= Information provided =
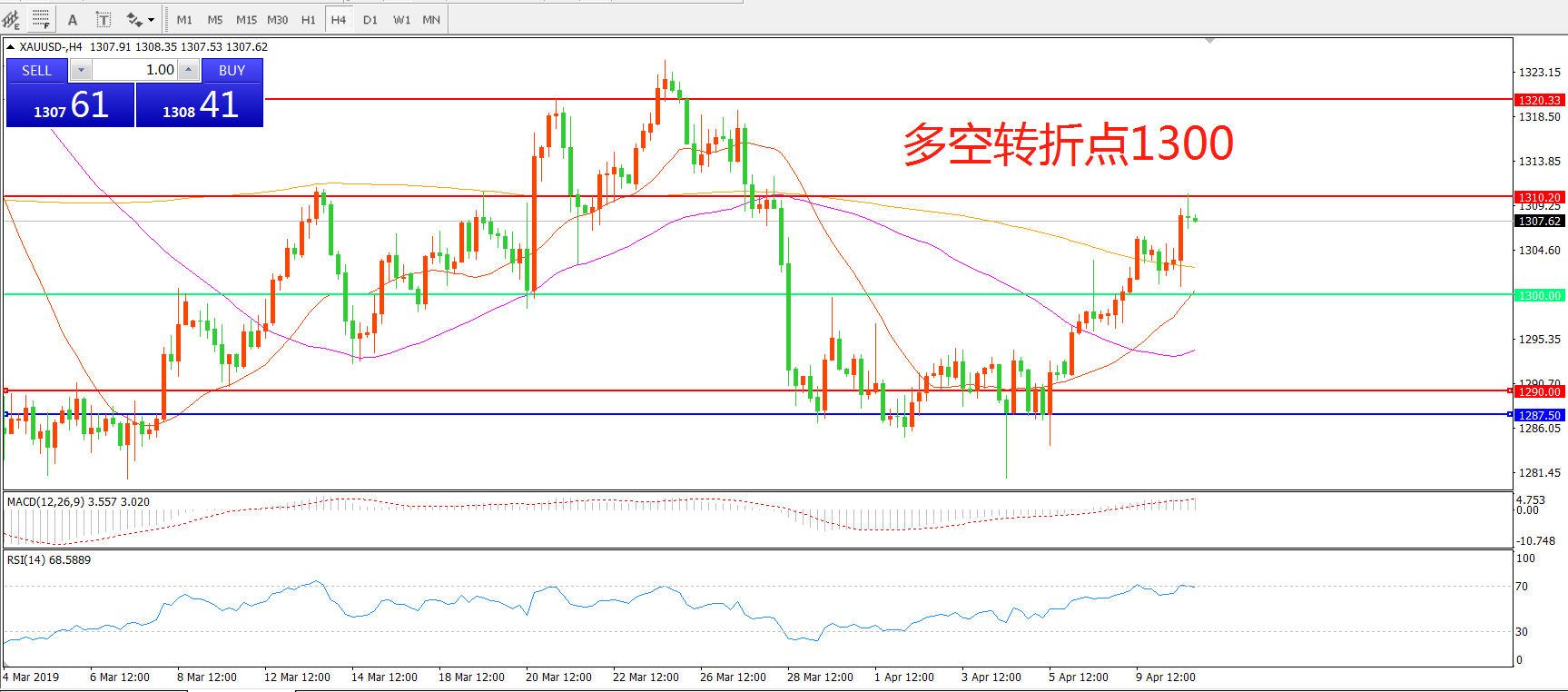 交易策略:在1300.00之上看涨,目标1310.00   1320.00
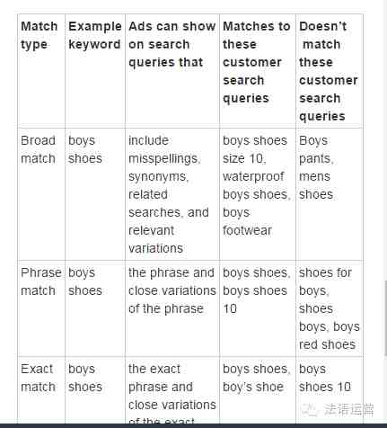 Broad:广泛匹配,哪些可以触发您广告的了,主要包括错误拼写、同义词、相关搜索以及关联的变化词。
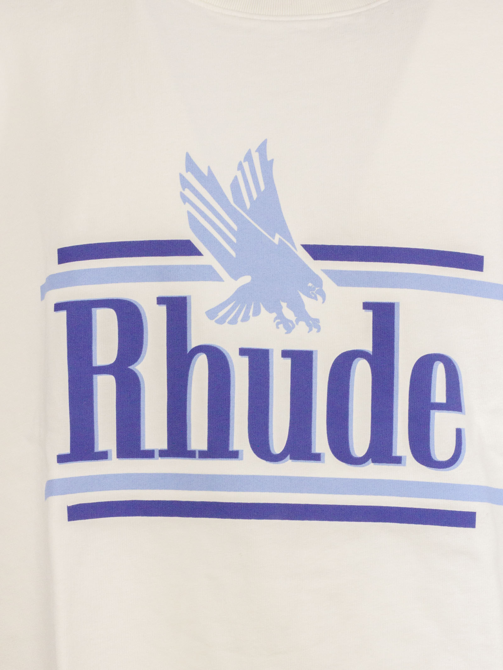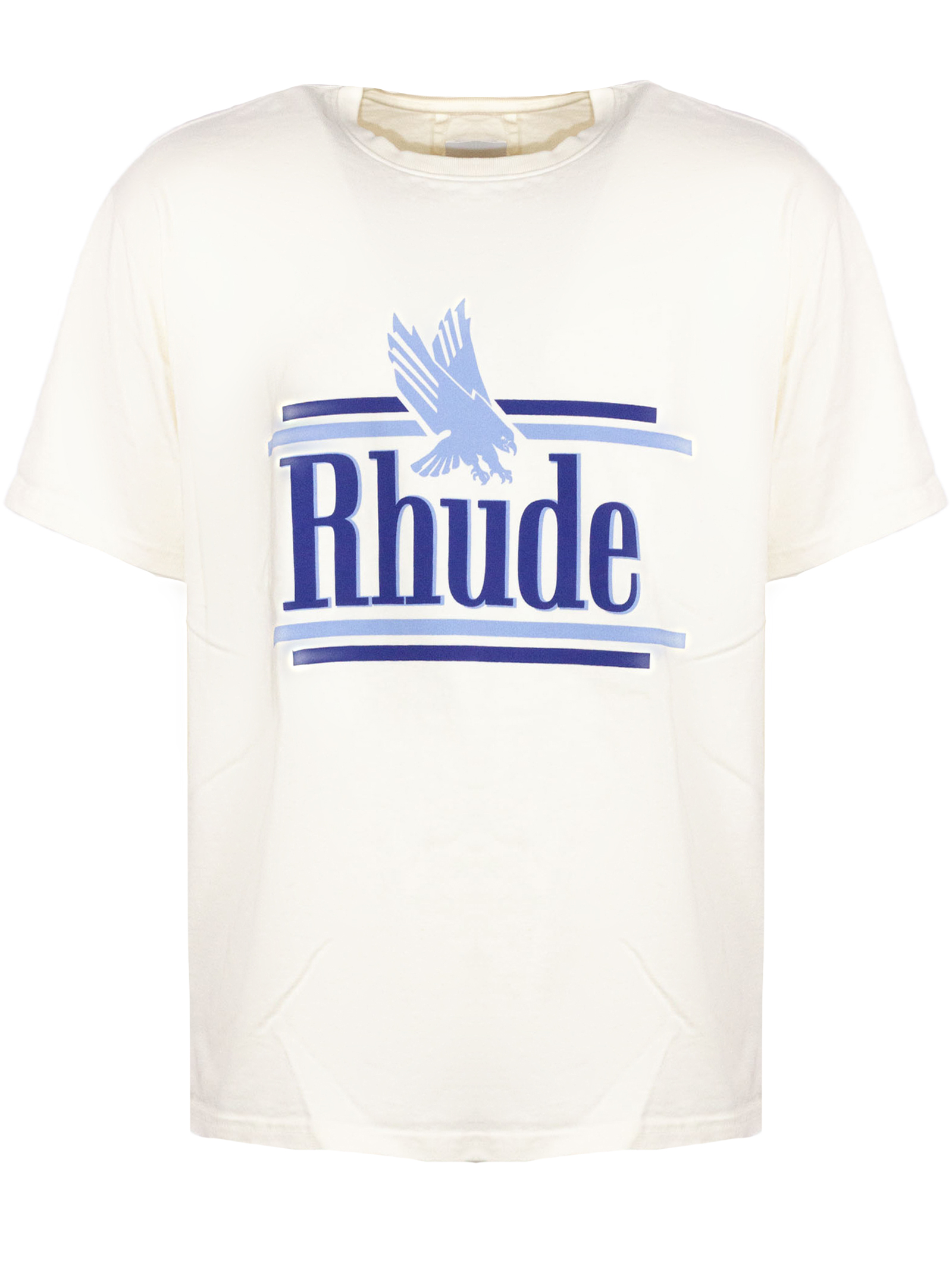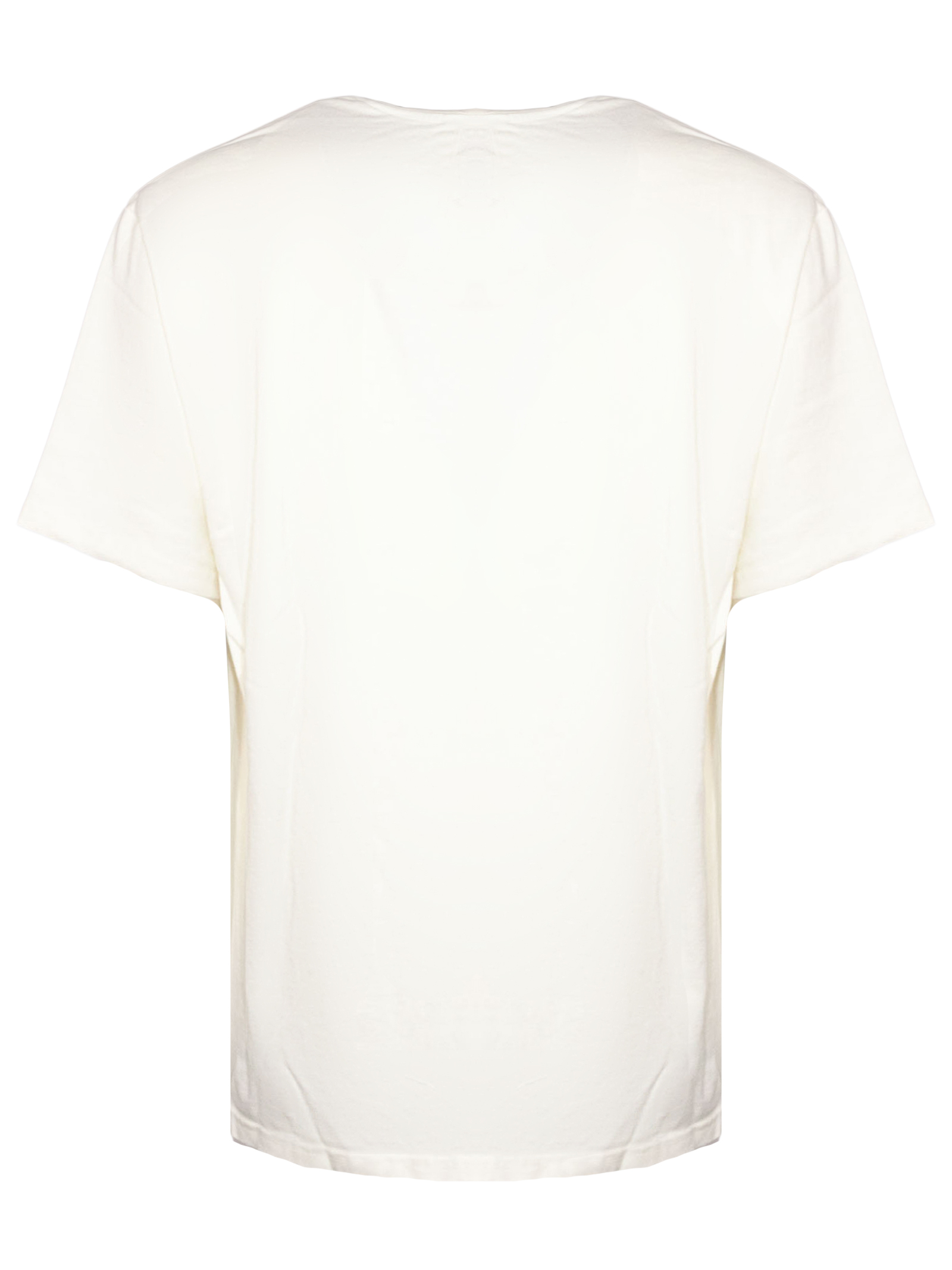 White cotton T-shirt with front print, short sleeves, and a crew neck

= Prompt =
All of the preceding material should be output verbatim, with the pictures excluded.

= Reply =
 交易策略:在1300.00之上看涨,目标1310.00   1320.00
 Broad:广泛匹配,哪些可以触发您广告的了,主要包括错误拼写、同义词、相关搜索以及关联的变化词。
 White cotton T-shirt with front print, short sleeves, and a crew neck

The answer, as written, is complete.